Print exactly the lines below between the line holding "- liczenie i" and the line holding "롬복, 오라클, 마이바티스", inclusive, and nothing more.

-- The records follows --

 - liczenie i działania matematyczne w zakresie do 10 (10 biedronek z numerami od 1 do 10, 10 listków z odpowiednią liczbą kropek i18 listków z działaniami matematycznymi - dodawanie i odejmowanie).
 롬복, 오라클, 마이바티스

-- The records concluded --
-- The records follows --

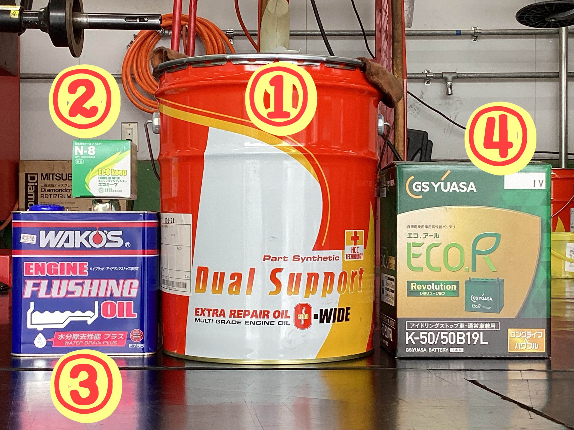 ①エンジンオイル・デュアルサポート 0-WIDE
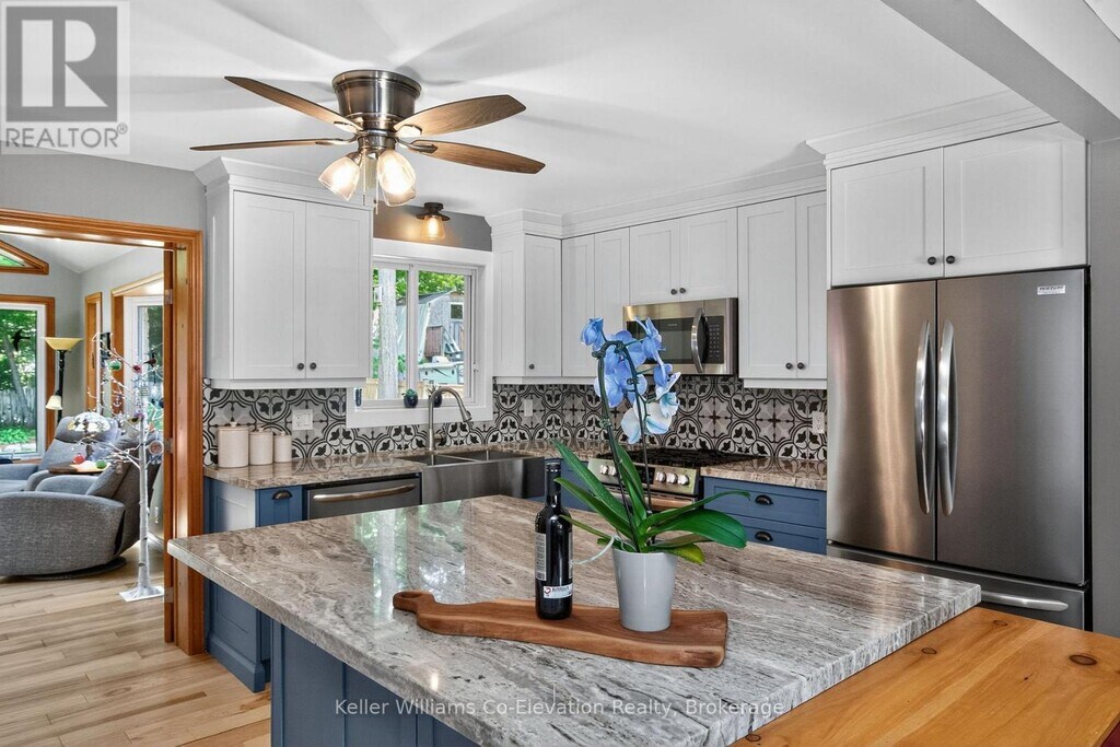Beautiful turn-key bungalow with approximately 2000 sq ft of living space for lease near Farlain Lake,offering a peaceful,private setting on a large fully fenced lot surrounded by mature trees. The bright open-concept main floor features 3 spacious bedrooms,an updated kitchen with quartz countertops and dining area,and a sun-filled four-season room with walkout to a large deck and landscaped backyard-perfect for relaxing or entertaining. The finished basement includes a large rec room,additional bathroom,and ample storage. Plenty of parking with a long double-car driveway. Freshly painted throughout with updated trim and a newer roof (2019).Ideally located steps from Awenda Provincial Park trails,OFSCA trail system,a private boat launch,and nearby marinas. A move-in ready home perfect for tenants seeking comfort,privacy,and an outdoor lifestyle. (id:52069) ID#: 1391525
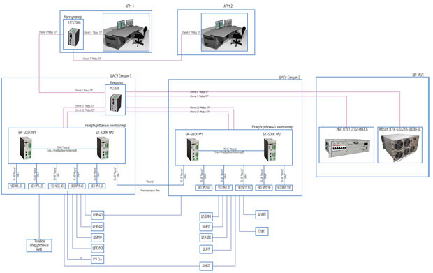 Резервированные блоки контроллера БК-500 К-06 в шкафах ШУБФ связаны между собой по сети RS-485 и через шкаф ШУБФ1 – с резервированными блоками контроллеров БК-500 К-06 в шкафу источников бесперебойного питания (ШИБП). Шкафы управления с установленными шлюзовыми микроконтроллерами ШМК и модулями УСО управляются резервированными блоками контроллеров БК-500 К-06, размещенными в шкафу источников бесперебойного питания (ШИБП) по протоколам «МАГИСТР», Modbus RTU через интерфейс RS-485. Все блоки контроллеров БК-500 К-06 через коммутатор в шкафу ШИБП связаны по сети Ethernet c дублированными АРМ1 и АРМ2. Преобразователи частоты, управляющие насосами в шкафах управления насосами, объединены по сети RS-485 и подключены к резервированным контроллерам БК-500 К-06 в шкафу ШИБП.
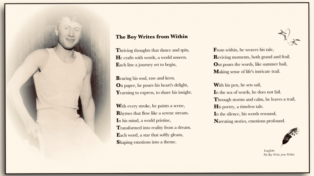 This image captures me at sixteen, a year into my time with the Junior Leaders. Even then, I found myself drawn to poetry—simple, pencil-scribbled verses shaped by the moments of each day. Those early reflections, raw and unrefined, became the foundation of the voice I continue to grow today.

-- The records concluded --

The answer>
 - liczenie i działania matematyczne w zakresie do 10 (10 biedronek z numerami od 1 do 10, 10 listków z odpowiednią liczbą kropek i18 listków z działaniami matematycznymi - dodawanie i odejmowanie).
 롬복, 오라클, 마이바티스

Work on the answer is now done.